# Converting fixed base to plunge base.



## -Sam- (Sep 24, 2004)

Hi folks, I currently have a fixed base router that I use for my router table. I'm not in a big hurry to get the plunge base router yet but would at least like to know of some accessory or plans to make one. I'm just waiting until I can afford to get the _Porter-Cable _ combo kit. In the mean time, anyone know of some type of plans or accessory to make a fixed base router into a plunge base? I seen the accessory in one of the books I have but don't know where to get one. Later...


----------



## kp91 (Sep 10, 2004)

depending on the brand of router you have, a plunge base may already exist as an accessory.

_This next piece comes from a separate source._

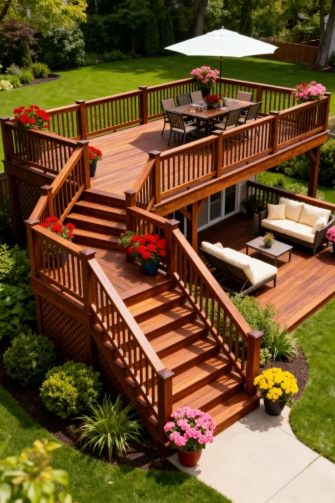 Build out a stunning multi-level deck using rich, warm-toned wood. Dedicate the spacious upper tier to al fresco dining with a large wooden table and an umbrella for shade. Use wide, sturdy stairs to connect to a cozy lower lounging zone tucked underneath. Furnish the bottom area with plush, cream-cushioned wicker seating. Brighten up the rich wood by placing terracotta pots filled with vibrant red and pink geraniums along the railings and stair corners.

I have seen the individual bases for various types of routers on Ebay.

I did a quick search, and did not find anyone with plunge base plans.
hope this helps,


----------



## ejant (Sep 10, 2004)

Go to the manufacturer of your router's web page and see what they have to offer for it.


----------



## -Sam- (Sep 24, 2004)

kp91 said:


> depending on the brand of router you have, a plunge base may already exist as an accessory. I have seen the individual bases for various types of routers on Ebay.
> 
> I did a quick search, and did not find anyone with plunge base plans.
> hope this helps,


Yeah, I did a search too and didn't find any either. But that's okay, no biggy. I was just thinking about it. I'm not in need of a plunge router yet but would still like to have one. Thanks kp91!


----------



## -Sam- (Sep 24, 2004)

ejant said:


> Go to the manufacturer of your router's web page and see what they have to offer for it.


Nope, they don't have any! But thanks though! Just a thought!


----------